Monitoring your active deployments is key for delivering business value and staying ahead of potential problems. Skafos provides 3 primary tools for you to diagnose, investigate, and analyze the ins and outs of your Deployments:
- Logs - live and historical, queryable, analyzable
- Metrics - live and historical, system performance, model performance, training metrics
- Alerts - user-defined notifications sent via email or viewable on the Skafos Dashboard
Your Deployment generates logs for each Job. This includes both system logs, and logs defined by you with a simple Skafos SDK call from within your Job. If you want to see what’s happening in real-time, or if you’re interested in examining historical logs, use the CLI or Dashboard to investigate. On the Dashboard, we give you the ability to search for logs using specific keywords or phrases.

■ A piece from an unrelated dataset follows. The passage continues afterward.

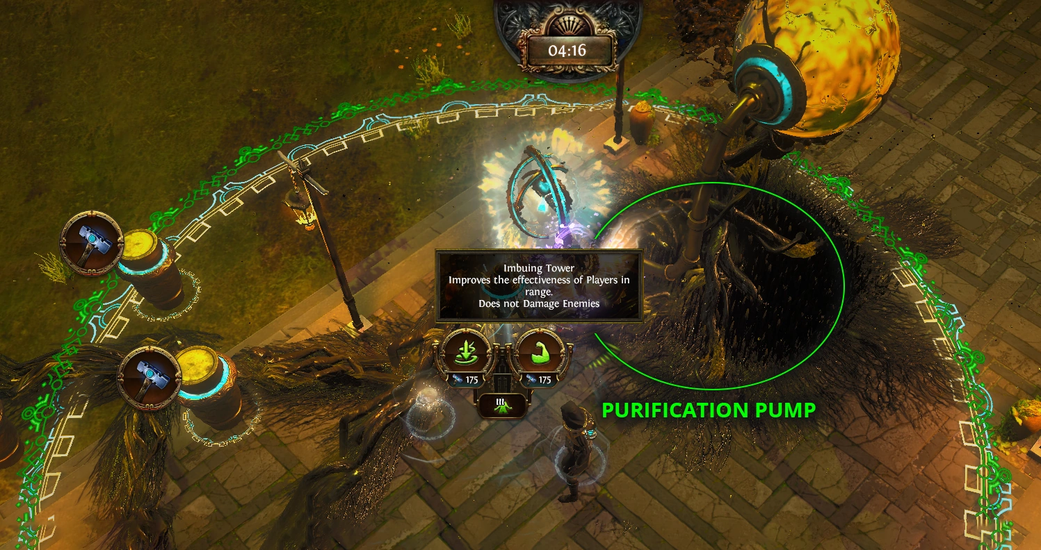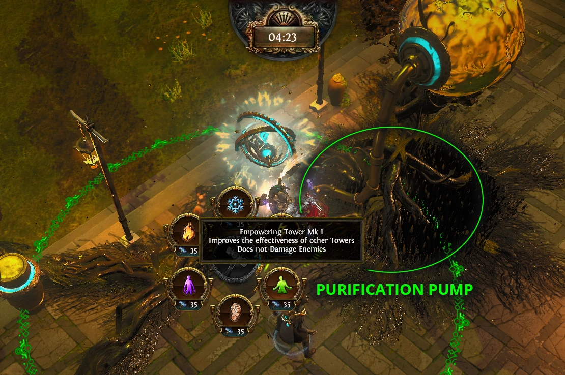 The first thing to do is build an Empowering Tower near to the Purification Pump.

Skafos also tracks various system and job-specific metrics for your active Deployments:
- System Metrics
-- Resource Utilization - CPUs, Memory
-- Deployment Status
User Defined Metrics
To view custom metrics that have been reported for a specific job, navigate to the job and you'll see metric names for each type of metric that has been reported. In the case below the job has only one type of metric: "Model Loss".
"Model Loss" metrics have been reported for this job.
Charts are initially shown in a closed state, so to see the chart populated with data, click "Show". If the job is running, the chart will periodically check & update the chart when there is new data.
If a Job fails, or something goes unexpectedly wrong, you need to be the first to know. Using the Skafos SDK, you can log special alerts that fire a notification in the Skafos Dashboard and to your email inbox.